Сообщается, что это КНДР гонит в Китай редкоземы, а именно: молибден из шахты Пэгам. По-видимому, у «Свободной Азии» своя таблица Менделеева: молибден не считается редкоземельным элементом, хотя и относится к так называемым малым металлам. По сравнению, например, с железом, медью или алюминием, ежегодная добыча которых составляет десятки и сотни миллионов тонн, эти металлы, которых насчитывается около 50, нужны в объемах от тысяч до десятков тысяч тонн. Но без них невозможна никакая высокотехнологичная продукция – от электроники и «зеленой» энергетики до медицинской техники и современных вооружений. Это как щепотка соли, без которой не сваришь большую кастрюлю супа. Их микроскопические добавки делают конструкционные элементы легкими, прочными и устойчивыми к внешним воздействиям. Они обеспечивают работу мощных магнитов и аккумуляторных батарей. Благодаря им мы можем тыкать пальцем в тачскрин и смотреть в интернете котиков. Трудно назвать область, где бы малые металлы не делали свою большую работу. Причем очень часто их просто невозможно заменить без критического ухудшения свойств продукта, не говоря уже о серьезных технических трудностях и значительных экономических издержках.
Битва за малые металлы становится одним из ключевых сражений американо-китайской технологической войны, втягивая в свою орбиту всё больше стран. Многие, как Южная Корея, вынуждены участвовать в опасном противостоянии с максимально высокими ставками для своих экономик.
Проблема с малыми, в том числе редкоземельными металлами, некоторые из которых не совсем металлы, не в том, что их мало. «Редкими землями» их назвали поначалу. На самом деле их достаточно много.

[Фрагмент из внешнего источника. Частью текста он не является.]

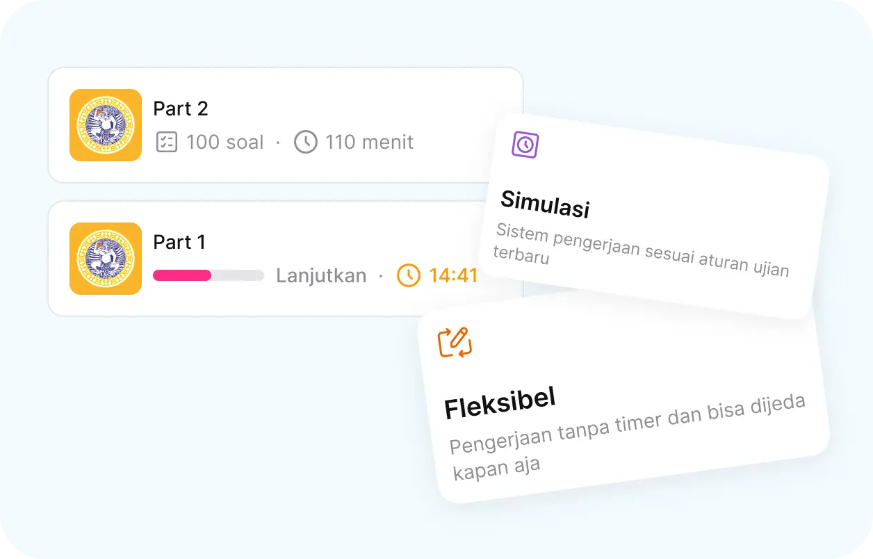 Rasakan ujian dengan sistem, durasi, dan komposisi soal yang mendekati ujian sebenarnya sesuai dengan ketentuan ujian mandiri masing-masing PTN. Jadi, gunakan ini untuk atur strategi manajemen waktu.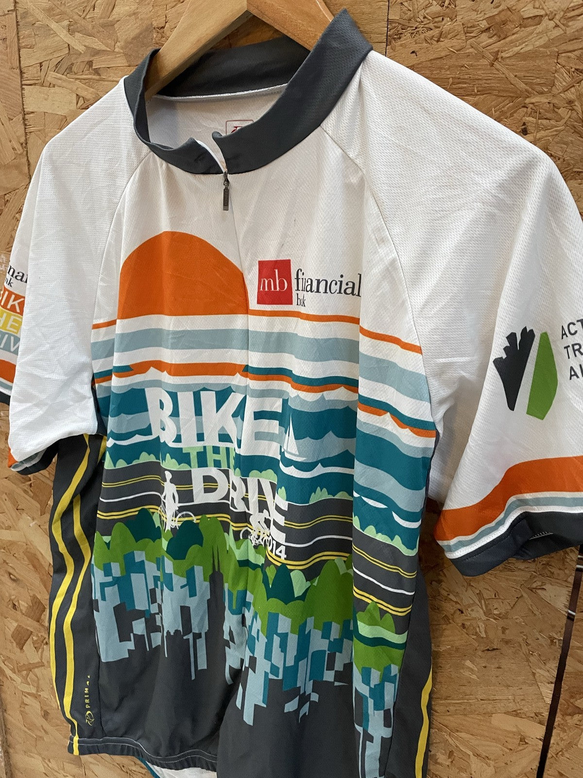 This Primal cycling jersey is perfect for any cycling enthusiast. Featuring a vibrant "Bike the Drive" graphic from 2014 and sponsored by MB Financial Bank, this jersey is both stylish and functional. Made with breathable fabric for comfort during long ri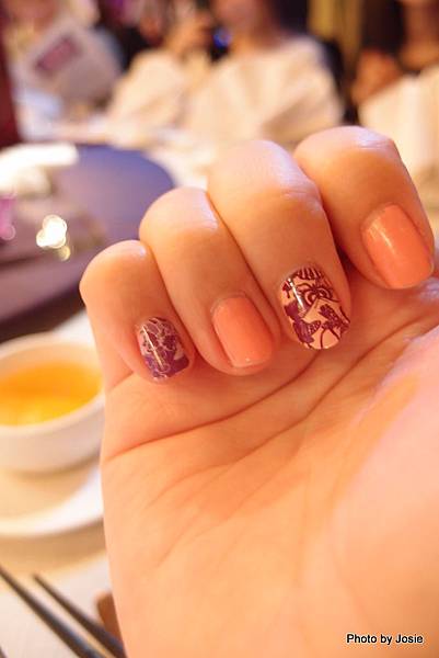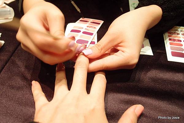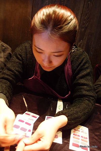 一整排坐滿滿,美甲師們一致的穿上紫色圍裙,認真的幫女孩兒們做指甲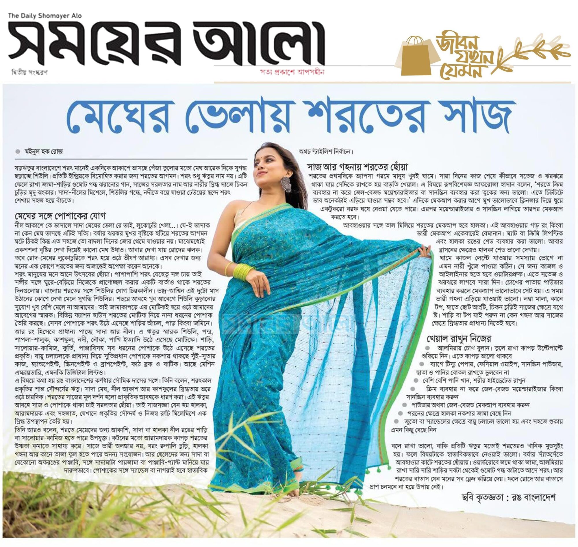 ষড়ঋতুর বাংলাদেশে শরৎ মানেই একদিকে আকাশে ভাসছে পেঁজা তুলোর মতো মেঘ আরেক দিকে সুগন্ধ ছড়াচ্ছে শিউলি। প্রতিটি ইন্দ্রিয়কে বিমোহিত করার জন্য শরতের আগমন। শরৎ শুধু ঋতুর নাম নয়। এটি ফেলে রাখা জামা-শাড়ির গুমোট গন্ধ ঝরানোর গান, সাজের সরলতার নাম আর নারীর স্নিগ্ধ সাজে চিকন চুড়ির মৃদু ঝংকার। সাদা-নীলের মিশেলে, শিউলির গন্ধে, নদীতে বয়ে যাওয়া ঢেউয়ের ছন্দে শরৎ শেখায় সহজ হয়ে বাঁচতে।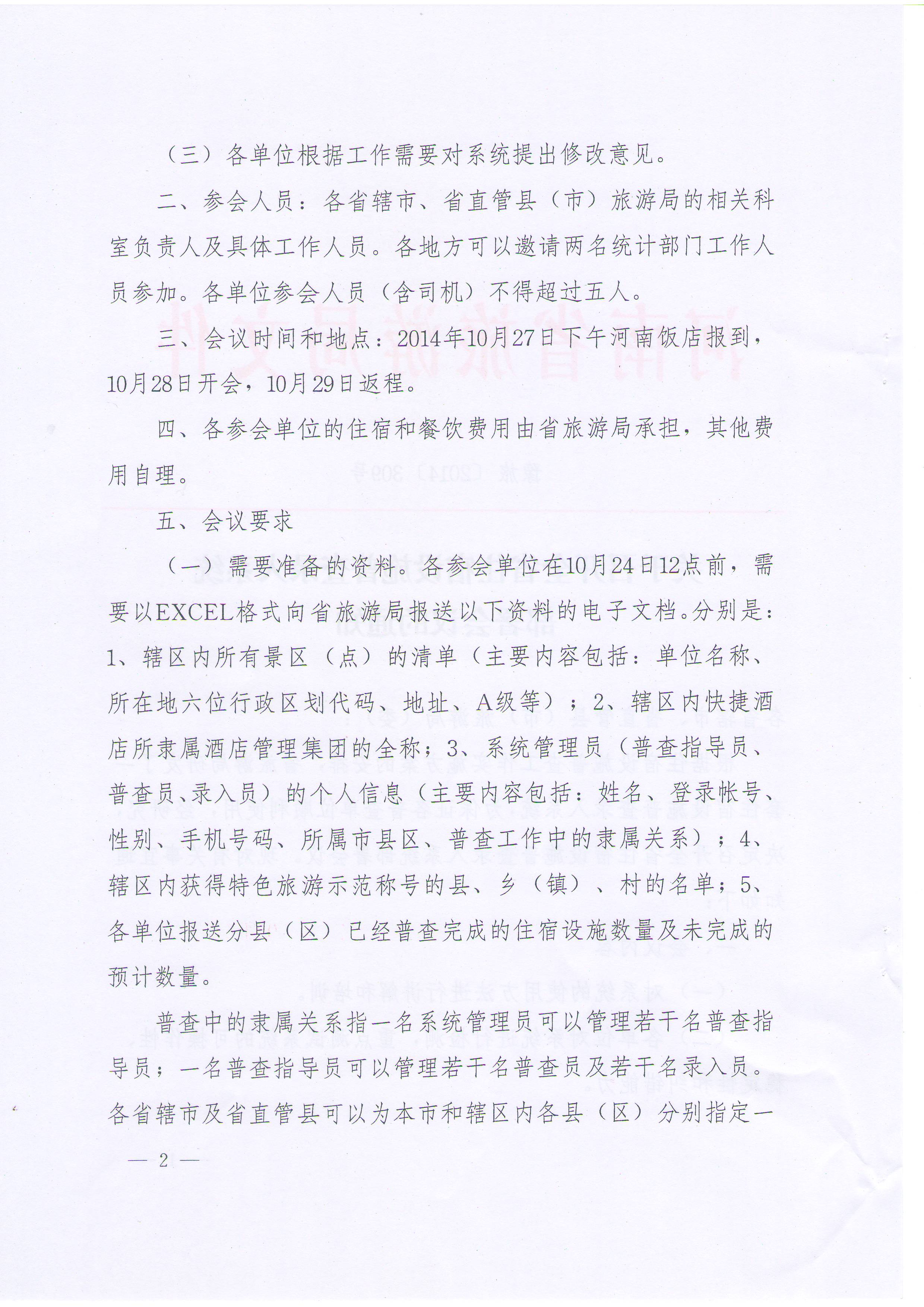 二、參會人員:各省轄市、省直管縣(市)旅游局的相關(guān)科室負(fù)責(zé)人及具體工作人員。各地方可以邀請兩名統(tǒng)計部門工作人員參加。各單位參會人員(含司機)不得超過五人。

Тот же титан входит в десятку самых распространенных химических элементов. И вообще, давно уже не «малый». Это в конце 1950-х ЦРУ пришлось проворачивать целую спецоперацию, чтобы заполучить из СССР титан для своего суперсекретного высотного самолета-разведчика Локхид А-12 «Архангел». Ситуация постоянно меняется. Иногда малыми считают металлы, которые не торгуются на Лондонской бирже. Но это правило работает не всегда, хотя очень важно: мировая торговля большинством малых, они же «редкие» или «второстепенные», металлов довольно мутная. Значительные объемы поступают из мест, где идут войны. Еще больше добывается с многочисленными нарушениями любых мыслимых условий труда и экологических требований, нанося серьезный вред природе. Многое поставляется полулегально или контрабандой. В последние годы западные компании, а также военные пытаются наладить контроль за логистическими цепочками. Но результаты пока достаточно скромные.
Безусловный лидер на рынке редкоземов – Китай. Его превосходство настолько велико, что некоторые полагают: Америка уже проиграла, и ее отставание в сфере высокотехнологичных материалов может стать роковым. Не всё так просто.
В прошлом году Китай произвел около 140 тысяч метрических тонн редкоземов. Цифры примерные, дающие только представление о порядке. На втором месте как раз Америка с 38 тысячами тонн. На третьем, немного уступая США, идет Мьянма (то-то все так всполошились после того, как там недавно произошел переворот) и ее 30 тысяч тонн ценных редкоземов, в том числе до 60% китайского импорта тяжелых лантаноидов. Следом с 17 тысячами тонн идет Австралия. Хотя там теперь всерьез озаботились благополучием кенгуру и коал и стараются выносить производство куда-нибудь подальше. Затем идет Мадагаскар и его 8 тысяч тонн (а еще этот остров – крупный поставщик титанистого железняка и тантала). За ними со скромными 3 тысячами тонн пристроилась Индия, и с небольшим отставанием на 7-м месте Россия. Замыкают десятку Таиланд, Вьетнам и Бразилия. При этом Бразилия еще и крупнейший поставщик вольфрама, ниобия и циркония.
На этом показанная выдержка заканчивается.